(EXERCISE DATA Opens)

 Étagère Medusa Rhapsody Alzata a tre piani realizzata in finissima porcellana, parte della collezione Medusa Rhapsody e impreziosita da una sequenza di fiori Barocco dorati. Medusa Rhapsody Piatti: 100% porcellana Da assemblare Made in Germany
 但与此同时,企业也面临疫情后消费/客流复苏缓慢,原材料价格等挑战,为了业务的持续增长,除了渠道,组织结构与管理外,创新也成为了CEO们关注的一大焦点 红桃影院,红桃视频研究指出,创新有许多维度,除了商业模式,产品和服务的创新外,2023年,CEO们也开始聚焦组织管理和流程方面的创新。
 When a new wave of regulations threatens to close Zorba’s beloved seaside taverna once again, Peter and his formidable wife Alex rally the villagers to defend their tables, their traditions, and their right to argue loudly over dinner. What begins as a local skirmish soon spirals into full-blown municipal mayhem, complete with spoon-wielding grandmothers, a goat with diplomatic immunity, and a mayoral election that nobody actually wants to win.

(EXERCISE DATA Closes)
(EXERCISE DATA Opens)

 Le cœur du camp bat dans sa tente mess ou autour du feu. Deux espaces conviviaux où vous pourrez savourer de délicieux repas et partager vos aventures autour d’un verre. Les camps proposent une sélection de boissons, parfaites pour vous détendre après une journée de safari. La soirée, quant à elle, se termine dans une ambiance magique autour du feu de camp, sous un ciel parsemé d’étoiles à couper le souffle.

(EXERCISE DATA Closes)
(EXERCISE DATA Opens)

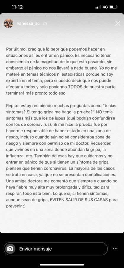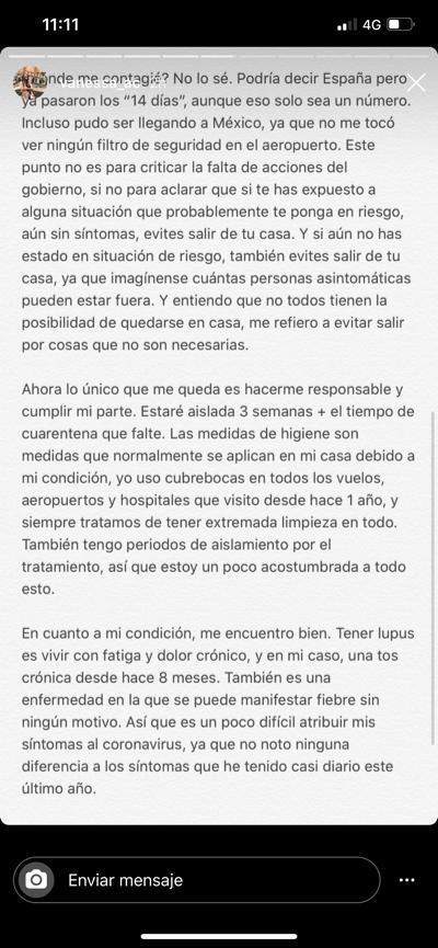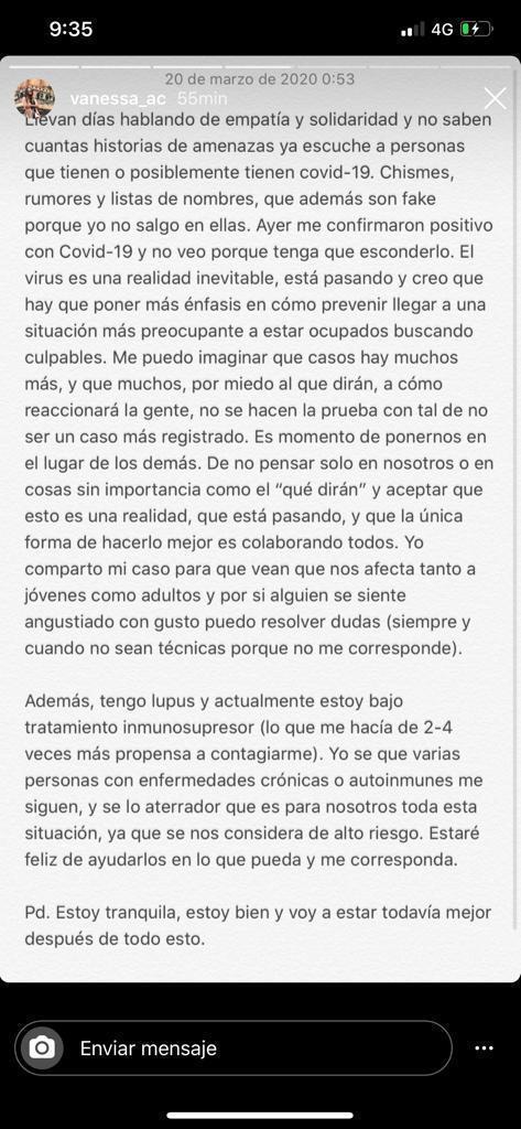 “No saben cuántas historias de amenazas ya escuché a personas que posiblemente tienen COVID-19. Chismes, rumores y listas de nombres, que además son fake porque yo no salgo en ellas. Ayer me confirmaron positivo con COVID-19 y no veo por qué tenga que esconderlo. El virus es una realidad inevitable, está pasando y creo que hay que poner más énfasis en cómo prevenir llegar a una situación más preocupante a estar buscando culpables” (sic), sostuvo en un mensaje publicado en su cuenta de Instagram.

(EXERCISE DATA Closes)

### [PROBLEM DESCRIPTION]
What you give back must be the stretch above, starting at the line with "但与此同时,企业也面临疫情后" and ending at the line with "When a new wave", copied exactly.

### [RESULT OF THIS TASK]
 但与此同时,企业也面临疫情后消费/客流复苏缓慢,原材料价格等挑战,为了业务的持续增长,除了渠道,组织结构与管理外,创新也成为了CEO们关注的一大焦点 红桃影院,红桃视频研究指出,创新有许多维度,除了商业模式,产品和服务的创新外,2023年,CEO们也开始聚焦组织管理和流程方面的创新。
 When a new wave of regulations threatens to close Zorba’s beloved seaside taverna once again, Peter and his formidable wife Alex rally the villagers to defend their tables, their traditions, and their right to argue loudly over dinner. What begins as a local skirmish soon spirals into full-blown municipal mayhem, complete with spoon-wielding grandmothers, a goat with diplomatic immunity, and a mayoral election that nobody actually wants to win.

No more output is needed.